Figure 1.
PD-L1 is expressed on isolated LCs and in LCs in situ of ACD patients.
A. Left side: Immunofluorescence microscopy analysis of the expression of langerin and PD-L1 on the surface of human MoLCs and LCs derived from blood monocytes and epidermal tissue of healthy donors, respectively. Right side: Expression of langerin and CD1a in MoLCs (upper chart) and LCs (lower chart) detected by flow cytometry. Bar = 10 µm. B. Expression of HLA-DR and PD-L1 in skin sections of ACD donors before and 72 hours after challenge with 5% NiSO4, as detected by confocal laser scanning microscopy. Representative images of two stack series in the epidermal layer are shown. Bar = 10 µm.
Figure 2.
Intraepidermal PD-L1 increases in ACD patients after challenge with nickel.
A. PD-L1 and nuclei are visualized by Alexa Fluor 488 (green) and 7-AAD (red) immunofluorescence in sections from lesions of ACD patients after being exposed to 5% NiSO4, for 0 hours and 72 hours. Bar = 50 µm. B. Biopsies taken from inflamed skin tissue areas of ACD donors. The sections were incubated with anti-PD-L1, stained with EnVision+ System-HRP AEC, and counterstained with hematoxylin. Representative light microscopy images covering the profile from the upper stratum corneum down to dermal rete pags are depicted. Bar = 50 µm.
Figure 3.
PD-L1 and HLA-DR are upregulated in MoLCs after stimulation with allergens.
MoLCs were exposed to graded doses of DNCB, nickel or SDS for 24 hours and stained by anti-PD-L1 and anti-HLA-DR, respectively. FACS analyses were gated on viable cells. A. Protein expression is shown as dark gray graphs in overlay histograms. Cells stimulated under the same conditions were stained with isotype-controls and are represented by light gray. B. Bars indicate fold increase of mean fluorescence intensities (MFI) compared to untreated control. Results shown are representative for four independent experiments with different donors.
Figure 4.
Blockage of PD-L1 enhances cytokine release from stimulated Th cells.

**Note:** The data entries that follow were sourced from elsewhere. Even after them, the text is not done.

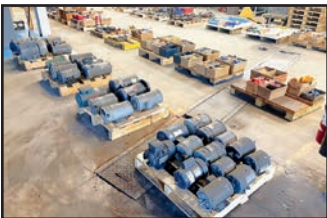
VIEW OF ASSORTED MOTORS

HUGE ASSORTMENT OF SAW BLADE MFG. SUPPORT EQUIPMENT, MAINTENANCE DEPARTMENT, DURABLE AND PERISHABLE TOOLING, POWER AND HAND TOOLS, RIDGID PIPE EQUIPMENT, ELECTRIC AND MANUAL PALLET JACKS, SHELVING UNITS, INSPECTION, VISES, MOTORS, ELECTRICAL, (50+) CM LODESTAR AND ABELL-HOWE ELECTRIC HOISTS, FLAMMABLE LIQUIDS STORAGE CABINETS, DUMP HOPPERS, OFFICE FURNITURE, BREAK ROOM AND MUCH MORE
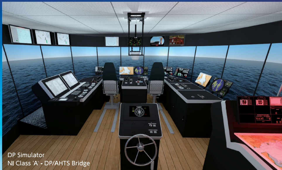
DP Simulator NI Class 'A' - DP/AHTS Bridge

You will receive top-quality education and training to attain DP knowledge, skill and course certificate.
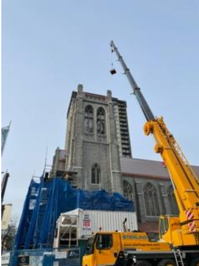
Picture 3 - putting the tools needed to secure the steel frame into the workers in the bell tower.
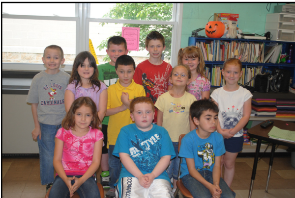
Students from Whitehall Elementary School
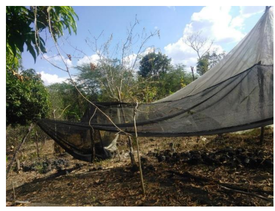
The site of the nursery

In January of 2019, Fanfan set up a trip to visit with Gaby and provide a report on the status of the project in Jacsonville.
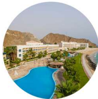
RADISSON BLU - DIBBA
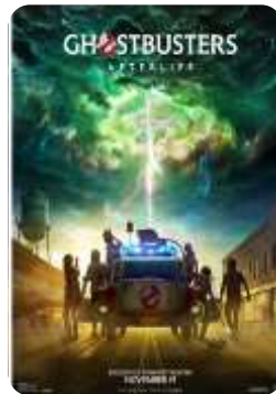
Ghostbusters: Afterlife (Sony) 11/19/21 - Wide Official Trailer, New Poster
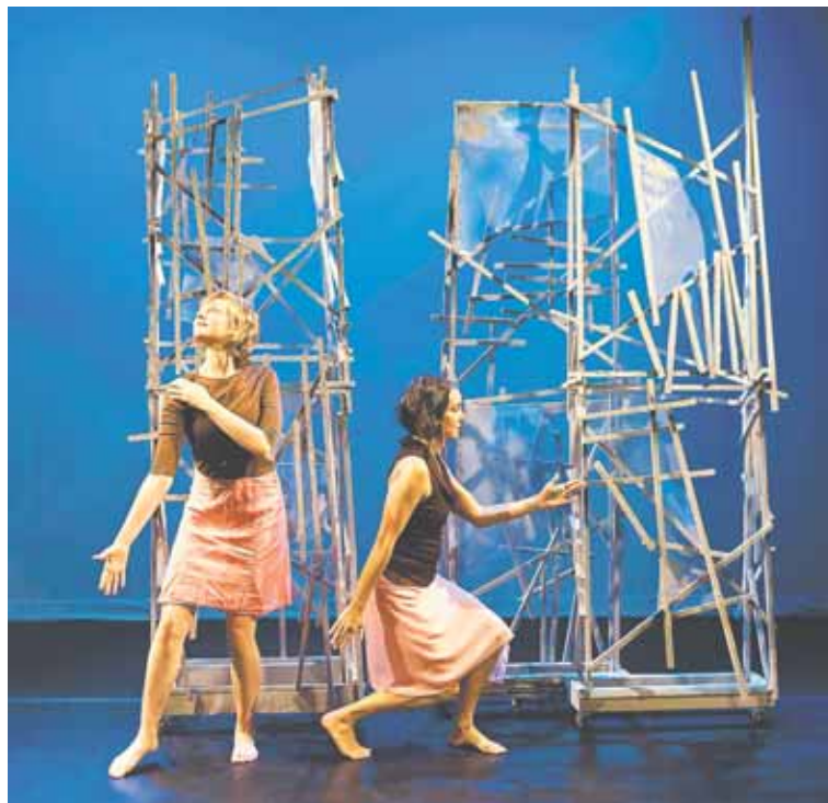
Dancers to perform "Border."

Earth Day Bird Walk. 8-9:30 a.m. at Gulf Branch Nature Center, 3608 N. Military Road. Celebrate Earth Day early with a day of birding. Begin with birding basics: using binoculars and field guides, identifying, and finding birds, then practice new
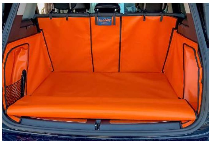
BUMBER FLAP - OPTIONAL EXTRA
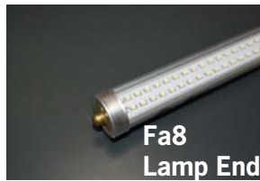
Fa8 Lamp End
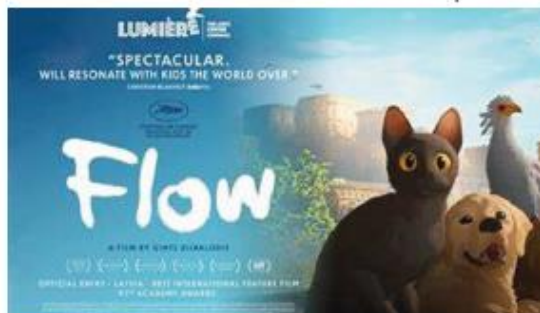
FLOW (U) Tue 29 Jul 2pm Wed 30 Jul 2pm Thu 31 Jul 7pm
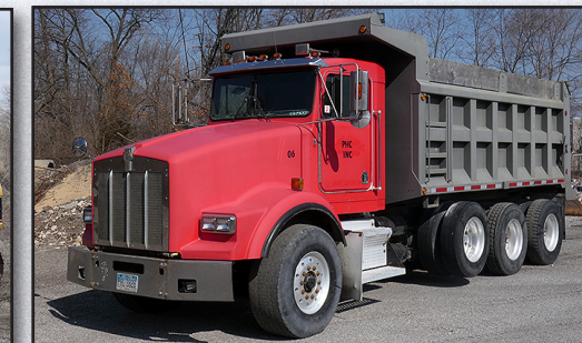
1998 Kenworth T800 Triaxle Dump Truck
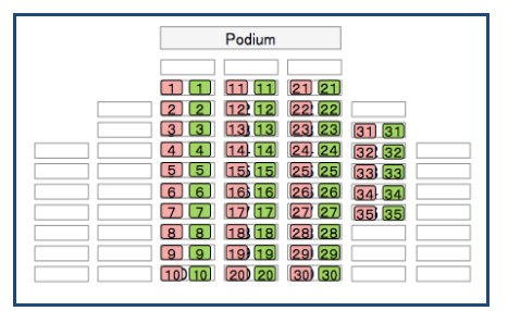
Fig. 4. Layout for One to One Negotiation Session:

in red Group B, in green. Each block represents 4 to 5
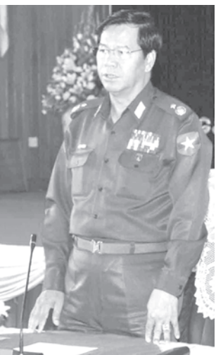
Minister Maj-Gen Hla Tun makes an address at work coordination meeting.—F&R

A. FACS analyses of CD86 or PD-L1 on MoLCs, dark gray, or isotype-controls, light gray. Numbers depicted in the histograms show mean fluorescence intensities. MoLCs were stimulated by LPS or PGN for 24 hours. Histograms shown are from the same donor representative for results obtained with three different donors. B – E. Secretion of cytokines by CD4+T cells in coculture with MoLCs. MoLCs were stimulated by LPS or PGN (as in A.), and incubated with IgG1, anti-PD-L1, or anti-CD86. Secretion of IL-17, IL-22, TNF-α, and IFN-γ in pg/ml was detected via ELISA 7 days after starting the coculture. Data shown are from 4 different donors, indicated by the following symbols: ▴, ▪, •, ♦. Wo, without stimulus.
Figure 5.
Nickel induces release of IL-22 and TNF-α after blockage of PD-L1.

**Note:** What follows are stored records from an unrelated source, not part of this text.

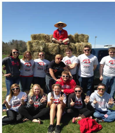
Members of the Class of 2014 celebrate the completion of the Tuffy Run.

The Extreme Run was approximately 2 miles long and included six obstacles. A total of 31 runners
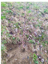
Our first apple tree
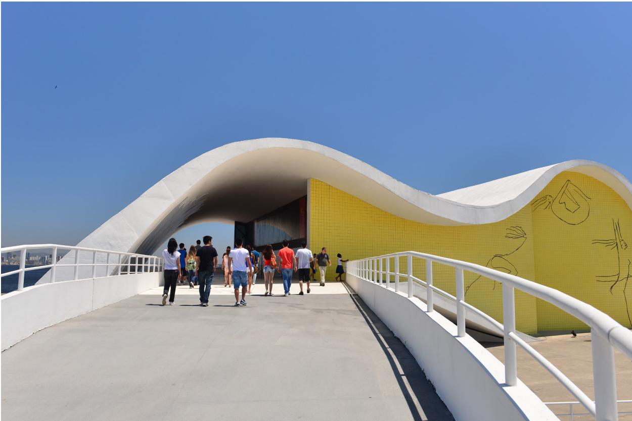
Popular Theatre Oscar Niemeyer.
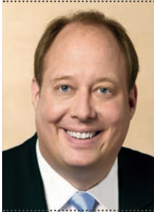
Helge Braun | Minister of State to the German Chancellor Speaker Bioeconomy and the Grand Challenges

Helge Braun has been Minister of State to the Federal Chancellor since December 2013. Four years before he held the position of the Parliamentary State Secretary to the Federal Minister of Education and Research. Since 2009, Mr. Braun has been a member of the German Bundestag (also from 2002 to 2005: Committee on Education, Research and Technology Assessment and Committee on the Environment, Nature Conservation and Nuclear Safety). Before starting his political career, Mr. Braun worked as a doctor.
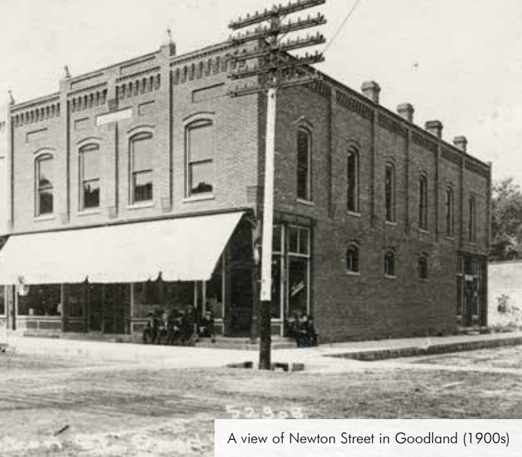
A view of Newton Street in Goodland (1900s)

A., B. Secretion of cytokines by CD4+T cells while being in coculture with MoLCs. MoLCs were either stimulated by nickel for 24 hours (+) or not (−), and incubated with anti-PD-L1 (+) or not (−). Protein secretion was detected via ELISA in the supernatants 7 days after starting the coculture of MoLCs with allogeneic CD4+T cells. Secretion levels (in pg/ml) are shown for IL-22 and TNF-α. Data shown are from 4 different donors and visualized by scatter plots; donors 1–4 are indicated by the following symbols: ▴, ▪, •, ♦.
Figure 6.
PGN and nickel induce IFN-γ and IL-17 in CCR6+ and CCR6+/CCR4+ cells.
T memory cells were incubated with MoLCs pretreated with anti-PD-L1 (+) or not (−). A. Expression of CCR6 and CCR4 in CD4+T cells enriched from the blood of healthy donors by depletion of non-CD4 and naïve (CD45RA+)T cells. T memory subpopulations were gated as CCR6– (P5), CCR6+/CCR4– (P6), or CCR6+/CCR4+ (P7) cells. B. Release of IFN-γ and IL-17 by sorted subpopulations. MoLCs were stimulated by nickel or PGN for 24 hours and incubated or not with anti-PD-L1. Secretion levels (in pg/ml) are shown for IFN-γ and IL-17 7 days after starting the coculture. Data reported as mean +/− SD of triplicates are representative for 3 different donors. Wo, without stimulus.